If the error was spotted soon enough, I would change the shared documents. But as the game got closer, I just updated the master documents and made a note to adjust things during the game if needed.
On the day
Aurora Horizon was due to start at 7:30 pm, but I was online from 7 pm (and had told everyone that). Several people joined just after 7, and we chatted and caught up. At about 7:25 pm, I chased the last two, and we started at 7:30 pm.
I carried out a short briefing, and then we started play.
Starting positions: In hindsight, I should have given everyone a starting position where they spend a few minutes roleplaying in small groups. That seems to be particularly important when playing on Discord.
Instead, everyone moved to the galley and started talking.
(I’ve now changed that and created four starting positions, each with three characters. The last character, the computer, can start wherever they want.)
But I must remember this for the next game: Start the game with everyone in small groups.
The game unfolds
The first hour for me was relatively relaxing. I just listened to everyone roleplaying and answering the occasional query.
Then we had the first EVA period.
This was always going to be a challenge, as I had to give each away team their own briefing (which I posted to them via the Discord chat). This took a bit longer than I expected (and I made mistakes as the Discord interface was clunkier than I thought). And then, once I had given everyone their documents, I had to answer queries.
This would have been easy if we had been playing a tabletop rpg (as I had considered earlier), and easier if we were face-to-face (as the briefings would all be printed out and ready to go), but Discord just slowed everything down.
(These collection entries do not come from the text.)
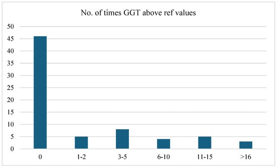 Figure 1 highlights the frequency distribution of the number of times gamma-glutamyl transferase (GGT) levels were above the reference values. This distribution indicated that most patients (64.8%) maintained GGT levels within the reference range. A small proportion of patients experienced elevated GGT levels, with the highest frequency (11.3%) being 3–5 times above the reference range. Statistical analysis indicated that there was no significant association between the frequency of GGT levels being above the reference values and the clinical form (moderate or severe), based on the Pearson chi-square test (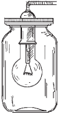 Необходимо взять стеклянную литровую банку с полиэтиленовой крышкой. В крышке прорезать отверстие по размеру резьбы электропатрона. Патрон нужно раскрутить и между верхней и нижней его частями вставить крышку, а затем снова его скрутить. Затем нужно ввинтить лампочку на 15–25 Вт, накрыть крышкой с лампой банку и включить в сеть.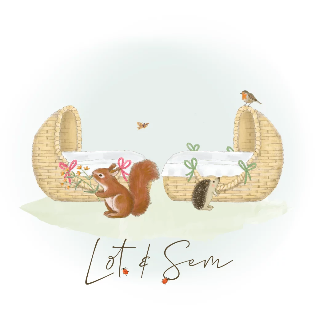 Lief geboortekaartje voor een tweeling met twee rotan wiegjes. Een mandje met roze strikjes en het ander wiegje met groene strikjes met een eekhoorn, vlinder, egel, roodborstje en twee lieveheersbeestjes eromheen. In de achtergrond een mintgroene watercolor vlek.

In a sense, I was trying to run four different tabletop rpgs at once. I do like a challenge, and I don’t think it was awful, but I don’t think I’ll be repeating the experience in a hurry!
(It’ll be easier in person, I tell myself!)
I’d scheduled the EVA period to take 15 minutes. That was always optimistic, but I don’t know if that was the challenges of Discord, or lots of discussion, but the first EVA period took over an hour, and we ended up not having time for a proper second EVA period.
We overran a little, and from the discussion afterwards, players were saying they could have continued roleplaying for another hour. But it was a school night, and I was conscious that some people needed to be up early the next morning.
As usual, not everything came out, and as usual, the game went in directions I hadn’t anticipated, but overall I was happy with how it went.
Highlights
A few highlights:
- Rich as CORA 9000, who used the HAL image as his Discord avatar and spoke in a robotic manner throughout the game.
- Tom playing Dr Halvorsen, who creeped out all the other players by playing the ship’s medic completely straight-faced and yet somehow managing to be sinister.
- Alex’s sacrifice! Well, two sacrifices. I don’t want to say more, but I’m really pleased with the direction Alex took Lt Osborne.
- Elyssia, Daniel and Tony renaming their Discord names so that they would always be grouped on the Discord screens.
- Nathan as Commander Archer trying to keep a grip on everything.
- Chatting afterwards. I didn’t need to rush away, and chatted with some of the players after the game for about half an hour. I think there was a little frothing going on, which is one sign that they enjoyed themselves.
(I probably have more highlights, but those are the ones that come to be right now.)
Overall
So overall, the game was a success. I have a fair bit of feedback to incorporate before running it at Consequences, but I’m on with that.
As always with post-game amendments, I have to decide whether to address the bits of plot that didn’t emerge. Did that happen because we ran out of time, or were my clues too subtle? Or was it just how the game ran that time? It’s hard to say, so I’m not planning on making too many changes.
As for Episode #7, I have some vague ideas. But I’m not thinking about that too hard just yet.